Sub-Saharan Africa (SSA) faces the greatest electricity access challenges globally, with approximately 600 million people lacking access to electricity.

## 1.2 Research Question

> **How has electricity access evolved across Sub-Saharan African countries from 1990 to 2023, and what patterns, trends, and disparities can be identified to inform future policy and infrastructure development?**

### Sub-questions:
1. What is the current state of electricity access across SSA countries?
2. Which countries have made the most/least progress since 1990?
3. Are there regional or income-group patterns in electricity access?
4. What anomalies or data quality issues exist in the dataset?

## 1.3 Scope

- **Geographic Focus:** 50 Sub-Saharan African countries
- **Time Period:** 1990-2023 (34 years)
- **Primary Indicator:** Access to electricity (% of population)
- **Future Extension:** Correlations with education, health, water, and air quality indicators

---
# 2. Data Collection Plan <a id='2-data-collection'></a>

## 2.1 Data Source Documentation

| Attribute | Details |
|-----------|----------|
| **Source** | World Bank - World Development Indicators (WDI) |
| **Indicator Code** | EG.ELC.ACCS.ZS |
| **Indicator Name** | Access to electricity (% of population) |
| **Collection Method** | World Bank API (CSV download) |
| **Original Coverage** | 266 countries/regions, 1960-2024 |
| **Last Updated** | 2025-10-07 |
| **License** | CC BY-4.0 |
| **URL** | https://data.worldbank.org/indicator/EG.ELC.ACCS.ZS |

## 2.2 Indicator Definition

> "Access to electricity is the percentage of population with access to electricity. Electrification data are collected from industry, national surveys and international sources."
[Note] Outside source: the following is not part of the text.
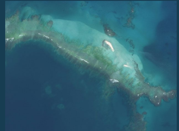
Above: Aerial photo shows before and after Hurricane Walaka of East island

**Original Data Source:** SDG 7.1.1 Electrification Dataset, World Bank (WB)  
**Methodology:** Population-weighted average from nationally representative household surveys and census data

## 2.3 Data Files

| File | Description | Size |
|------|-------------|------|
| `API_EG.ELC.ACCS.ZS_DS2_en_csv_v2_254301.csv` | Main data file | ~122 KB |
| `Metadata_Country_*.csv` | Country metadata (region, income group) | ~60 KB |
| `Metadata_Indicator_*.csv` | Indicator description | ~600 B |

## 2.4 Reliability Assessment

**Strengths:**
- Official SDG 7.1.1 tracking data used by UN and governments
- Standardized methodology across countries
- Regular updates and quality control by World Bank

**Limitations:**
- Survey-based data may have sampling errors
- Different survey years across countries
- Some countries have sparse data points
- Definition of "access" may vary (grid vs off-grid)

---
# 3. Data Loading & Initial Exploration <a id='3-data-loading'></a>

In [None]:
# Import required libraries
import pandas as pd
import numpy as np
import matplotlib.pyplot as plt
import seaborn as sns
from datetime import datetime
import warnings

# Configuration
warnings.filterwarnings('ignore')
pd.set_option('display.max_columns', None)
pd.set_option('display.max_rows', 100)
pd.set_option('display.float_format', '{:.2f}'.format)

# Visualization settings
plt.style.use('seaborn-v0_8-whitegrid')
plt.rcParams['figure.figsize'] = (12, 6)
plt.rcParams['figure.dpi'] = 100
plt.rcParams['font.size'] = 10

# Custom color palette for SSA analysis
SSA_COLORS = ['#1f77b4', '#ff7f0e', '#2ca02c', '#d62728', '#9467bd', 
              '#8c564b', '#e377c2', '#7f7f7f', '#bcbd22', '#17becf']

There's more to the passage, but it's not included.